Where Throwing in the Kitchen Sink Doesn’t Help — Orient Overseas Assocs. v. XL Ins. Am., Inc.

In its recent decision, the Appellate Division (1st Dept.) of the New York Supreme Court may have provided insurers with another basis to dismiss arguably duplicative claims arising from Super Storm Sandy. In Orient Overseas Associates v. XL Insurance America, Inc., the Appellate Division considered whether, in a case in which a breach of contract claim was already plead against an insurer based on its alleged failure to pay for damages covered under its policy, this same conduct may provide the basis for a separate claim against the insurer for  “unfair claim settling practices.” The Appellate Division found that, because the “unfair claim settling practice” claim was duplicative of the insured’s breach of contract claim, it was subject to dismissal.

In Orient, the insured filed suit against three of its insurers for breach contract as a result of their alleged failure to pay it for damages sustained to its property in Super Storm Sandy, and as to one of the insurers, also asserted a claim for “unfair claims selling practices.” This later count was dismissed, but the insured was permitted to re-file its complaint. In the re-filed complaint, the insured against asserted a breach of contract claim against all insurers, but this time added a claim for “unfair settlement practices/bad faith” against the same insurer singled out in the first complaint. The trial court dismissed this later claim as duplicative of the breach of contract claim against the insurer.
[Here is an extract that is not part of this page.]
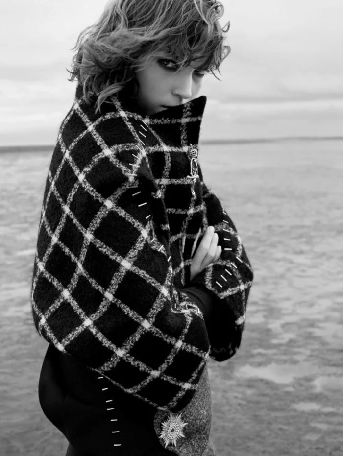/Model Arizona Muse wears cool-weather, pedigree sportswear elegance styled by Anne-Marie Curtis in 'Dream Weaver'. Kerry Hallihan captures the lonely beach lover for Elle UK November 2015./ Hair by Lok Lau; makeup by Kirstin Piggot

The Appellate Division affirmed.

Initially, the Appellate Division agreed with the trial court’s conclusion that New York law did not recognize a standalone claim for “unfair claim settling practices.” Although the Appellate Division held that, in certain circumstances, “the very nature of a contractual obligation, and the public interest in seeing it performed with reasonable care” creates both a duty of reasonable care in the performance of the contract, and where the duty is breached, a separate cause of action, it found that these same considerations did not warrant the creation of a separate claim against an insurance company for “unfair claim settling practices.”

The Appellate Division then reviewed the allegations of the “unfair settlement practices/bad faith” claim, and pointed out that that the claim repeated all of the components of the breach of contract claim, merely adding allegations of policy sub-limit and deductible misrepresentation, as well as refusal to pay the insured, leading to unfair settling practices. The Appellate Division found that these additional allegations did not change the fact that, in essence, the claim was one for the insurer’s failure to perform under its contract.